Seperators [for some scene breaks but not others]

When I use Scrivener, I’m able to add *** as a separator between scenes in a single folder (one chapter) however, there are certain scenes where I do not wish to have a separator but just a blank space.

Is it possible to assign custom separators to specific scenes when compiling?

thanks,

Are we really talking about separators here?

The Scrivener brain trust seems to refer to separators as indicators in the editor that help the writer visualize where documents begin and end, but which are invisible to the reader when compiled.

It’s a pretty great feature, and you have three choices. Sometimes I like one choice better than the other choice, and sometimes I don’t. So I use one version in Standard text Mode and a different version in Scriptwriting Mode (although I’m not writing scripts).

That way, I can toggle back-and-forth using a simple shortcut.

Correct me if I’m misunderstanding, but it sounds like what you might be referring to is how to present text directly to the reader.

It’s common to use a simple blank line between scenes, or to show gaps of time internal to a scene, or even significant changes in location (which typically imply a gap in time).

That can be done with just a carriage return.

A line separating parts of text that has an image on it, or three asterisks on it, is technically known as a dinkus.

Those can be used in place of a carriage return, and they are usually used to signify an even greater psychological separation between scenes in fiction, when there are multiple scenes in a chapter. It’s good not to use this very often, and use just a carriage return most of the time.

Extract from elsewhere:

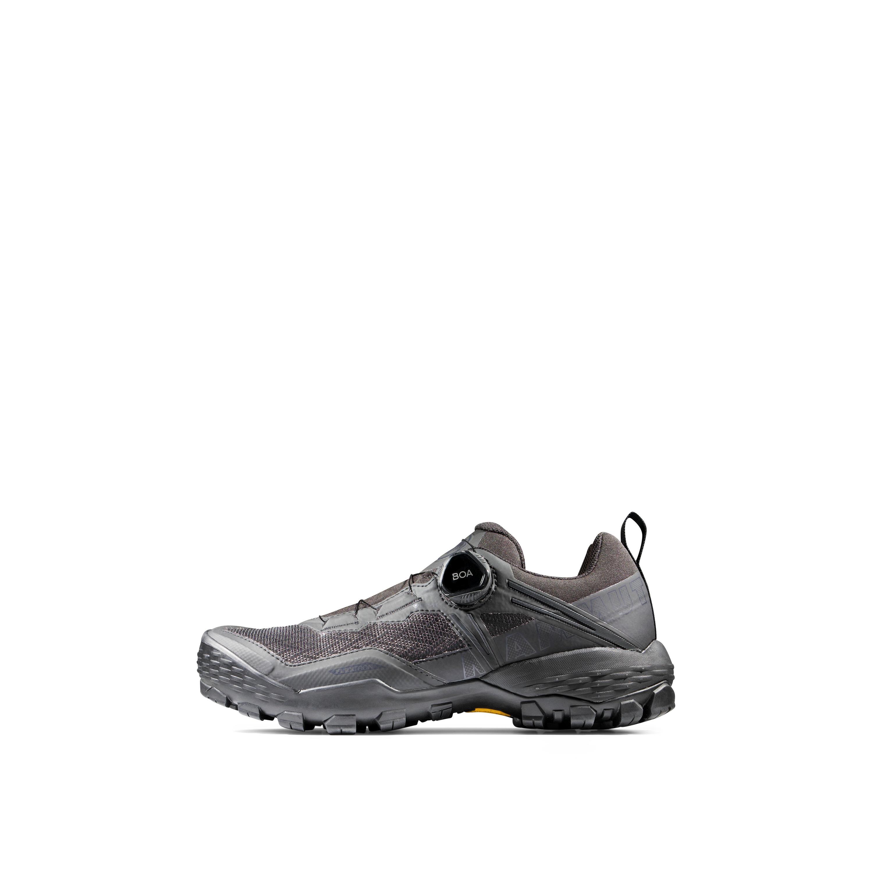 Immer einen Schritt voraus: Dank Einfachzunge schlüpfst du in diesen Schuh, wie in eine Socke – und so fühlt er sich auch an. Spätestens, wenn du das BOA® Fit System festgezogen hast, will dein Fuss hier nicht mehr weg. Mit dem macht die Federstahlsohle nämlich genau das, was der Name vermuten lässt: Zum einen federt sie, zum anderen verleiht sie deinem Gang zuverlässige Stabilität, unterstützt also die natürliche Bewegung bei jedem deiner Schritte. Der dadurch effizientere Energieeinsatz hat längere Reserven im Gebirge zufolge. Und dank Vibram-Sohle hast du beste Chancen, dass der Ducan BOA Low GTX dort bleibt, wo du ihn hinsetzt. Los gehts.

The way to create a dinkus in Scrivener is pretty simple. Just add an image to your list of images in the research folder. If you make the image about 45 points high, that will probably be about what you’re looking for. For example: <$img:dinkus;h=45> can be inserted where you would otherwise just put a carriage return, if you have an image in your research folder entitled ‘dinkus’.

Not exactly pretty in the editor, but it appears in the compiled version.

Hi - thanks for responding. I don’t use or need separators *** in screenplays at all. The separators I’m referring to one would be in the novel where a POV shift occurs in on chapter. So I use the *** in a chapter and set it up in the separators feature of the compiler.

However, part of my novel has a few diary entries and for those entries, I like to have a separate text file under a chapter. For these entries, I just want a blank line.

Now for the other chapters - the ones that don’t involve diary entries, and when the POV shift occurs, I like to have a *** between the POV shifts. For this solution, I created a text file and just entered *** centralized and inserted that file between two chapters.

I wish there was a better way of doing it but I don’t see how.

thanks.

The iOS version has nothing approaching the sophistication necessary to carry off that kind of document production. It’s best to leave that kind of stuff for when you use the Mac or PC, as it is meant more for writing on the go.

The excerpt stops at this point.